- **Input**
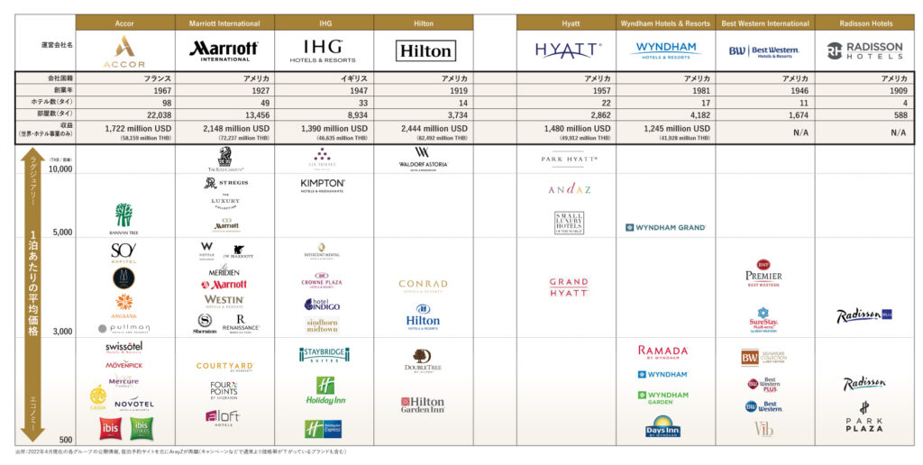 タイにおいてホテル業は、外国人に対して競争力が不十分な業種であるとして外国企業の参入が禁止されている業種だが、マネジメント(ホテル運営)は許可されており、国際的なホテルブランドは他国と同様にその存在感を放っている。上記の一覧表で紹介しているホテルグループも、誰もが一度は聞いたことがあるものだろう。それに対して、グループ名の下に連なるブランドを見て、その繋がりに驚いた人もいるのではないだろうか。
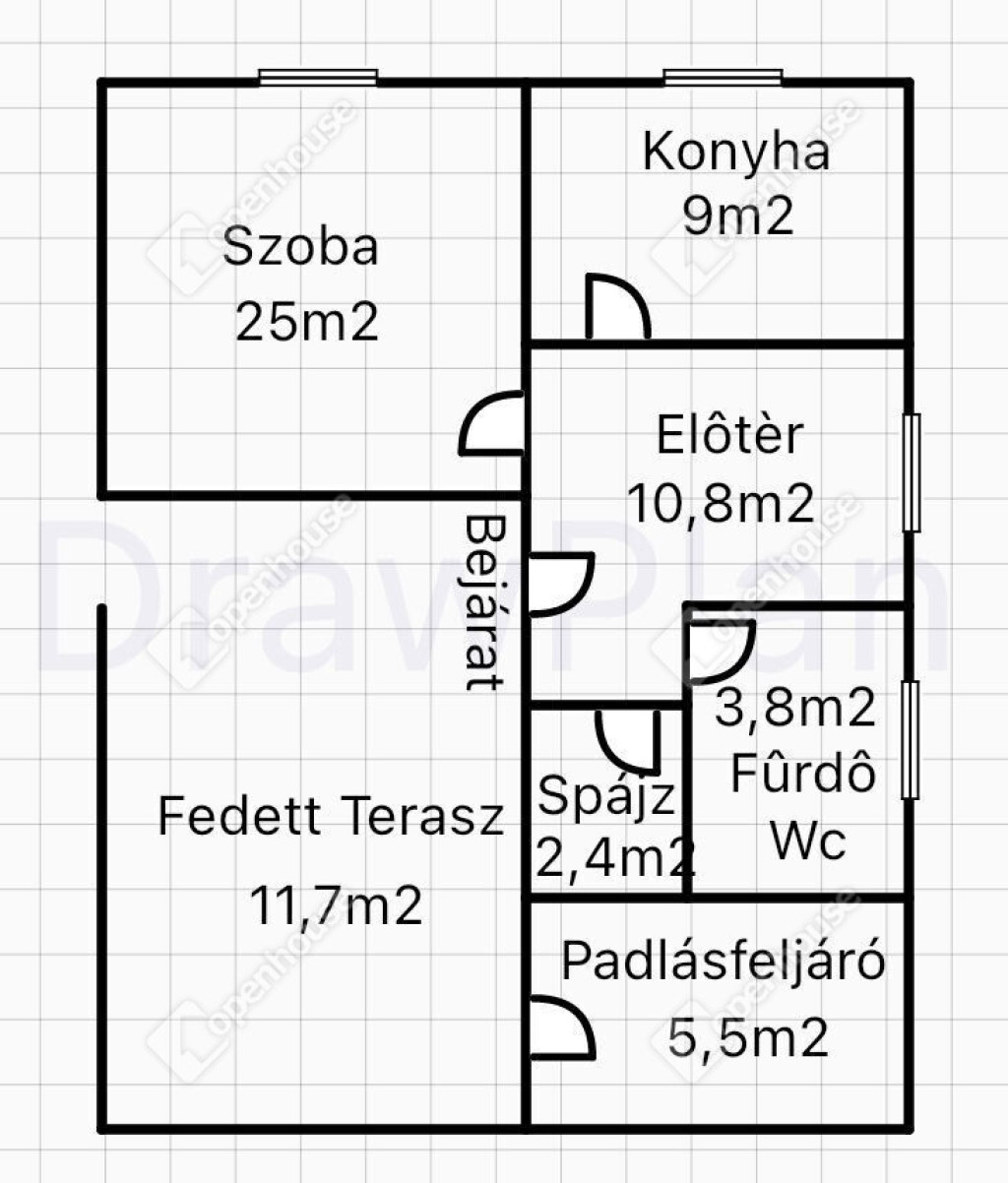 -Helyiségek 56m2 alapterületen: szoba, konyha, előtér, spájz, fürdő-wc, fedett terasz ,padlásfeljáró.
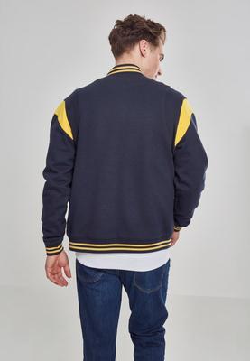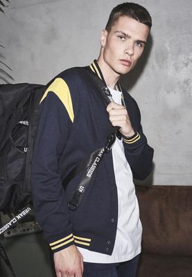 This stylish college jacket has all the typical features, but is made of comfortable sweatshirt fabric and complements any outfit. One highlight is the matching stripes that perfectly complement the ribbed collar and the elastic ribbed cuffs in a college look. The matte metal snaps, which also adorn the side pockets, are an additional highlight.
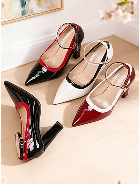 Tacones altos con tira en el tobillo de piel sintética de charol burdeos para mujer: zapatos de punta puntiaguda con color de contraste vintage para uso diario elegante, fiestas y ocasiones
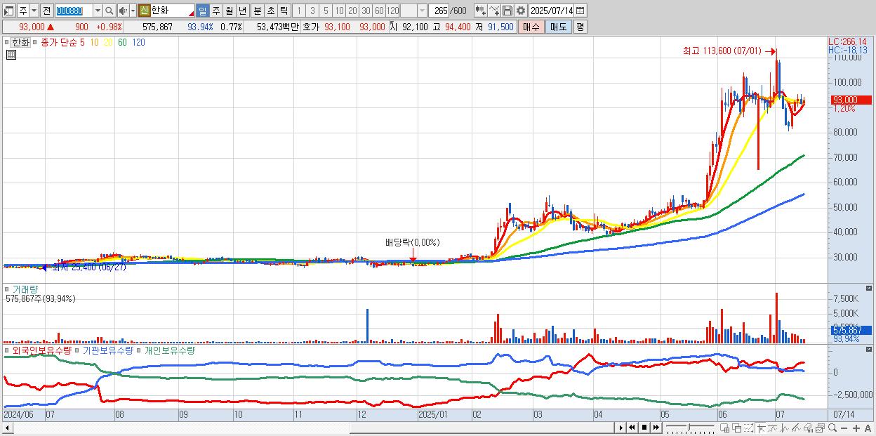 - 한화 (93,000원 ▲ 0.98% , 시총: 69,712억, 외국인 순매수 거래금:94억)
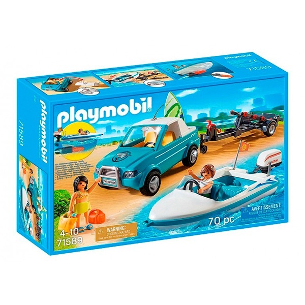 Prepárate para la aventura acuática definitiva con el Playmobil 71589: Pick Up con Lancha! Este conjunto de última generación combina lo mejor de dos mundos: la versátil recogida y una lancha equipada con un motor submarino (5159) para emocionantes días en la playa.
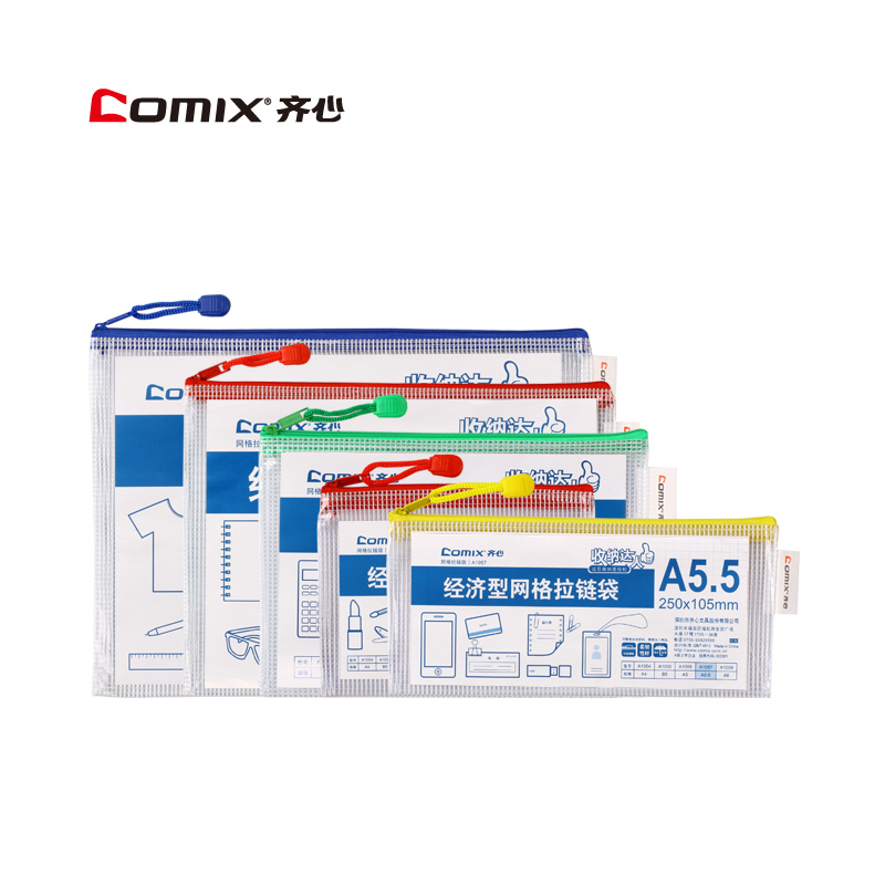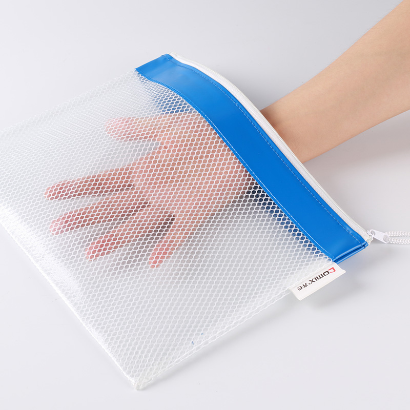 Qixin A4 mesh zipper bag A5 file bag B5 portable file bag student stationery bag B6 classification bag 5 packs storage bag document bag A6 waterproof transparent pencil case plastic PVC
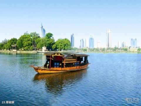 翠柳屏介绍:稼轩祠北的湖中有小岛兀立,岛之周岸,垂柳依依,环列如屏,故名翠柳屏。小岛之西有石砌三孔堤桥与岸相通,迤逦水中约40米,桥起三拱,中拱最高,小舟可于桥下自在穿行,越桥南,可荡舟藕花深处。
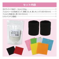 セット内容:ゼオライト(200g)×1、フェルトシール6色組(ピンク・黄緑・白・水色・黄・オレンジ)×1、フェルトシール2色組(赤・黒)×1、刺繍糸5色組(白・黄・赤・緑・水)×1、リストバンド2個組×1
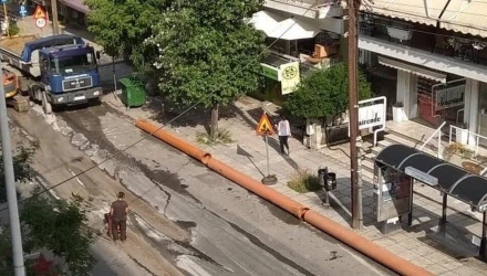 Πιο συγκεκριμένα, στη συμβολή των οδών Φιλελλήνων και Θερμοπυλών, κατά τη διάρκεια σκαπτικών εργασιών σε οικόπεδο για την ανέγερση οικοδομής έσπασε αγωγός ύδρευσης της ΕΥΑΘ. Ως αποτέλεσμα ο χώρος της εκσκαφής μετετράπη σε πισίνα και διεκόπη η υδροδότηση.
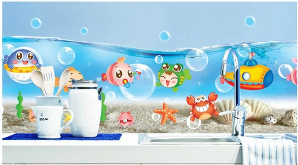 Decal dán tường chân tường đại dương 2 với họa tiết đàn cá bơi lội giúp phòng tắm thêm thú vị, sinh động
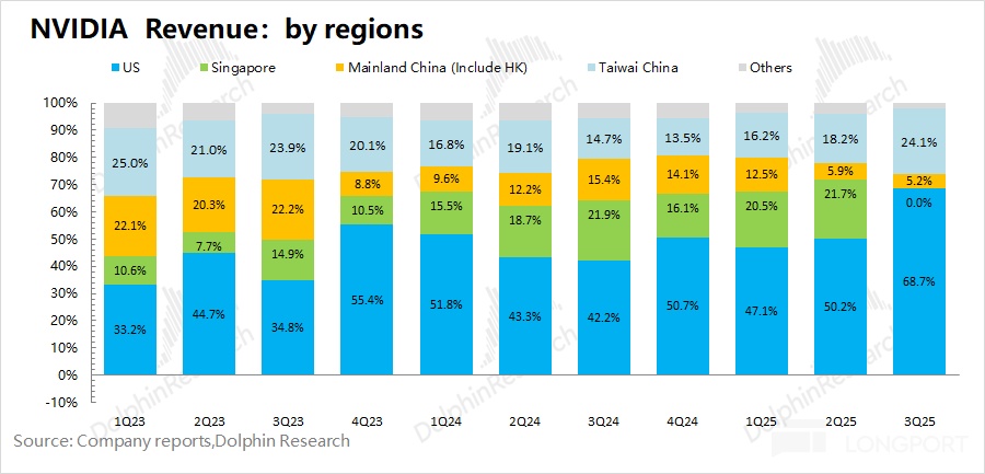 a) China is largely lost: NVDA used to sell H20s into China, but after the ban, China’s contribution fell to ~5% of revenue (from ~20% historically). Given management’s disclosure of roughly US$50mn H20 sales, last quarter’s China revenue was primarily PC and gaming, not AI chips.

- **Work item**
Repeat the listing above up to and including the line with "fedett terasz ,padlásfeljáró.", starting from its first line. Drop any pictures.

- **Written response**
 タイにおいてホテル業は、外国人に対して競争力が不十分な業種であるとして外国企業の参入が禁止されている業種だが、マネジメント(ホテル運営)は許可されており、国際的なホテルブランドは他国と同様にその存在感を放っている。上記の一覧表で紹介しているホテルグループも、誰もが一度は聞いたことがあるものだろう。それに対して、グループ名の下に連なるブランドを見て、その繋がりに驚いた人もいるのではないだろうか。
 -Helyiségek 56m2 alapterületen: szoba, konyha, előtér, spájz, fürdő-wc, fedett terasz ,padlásfeljáró.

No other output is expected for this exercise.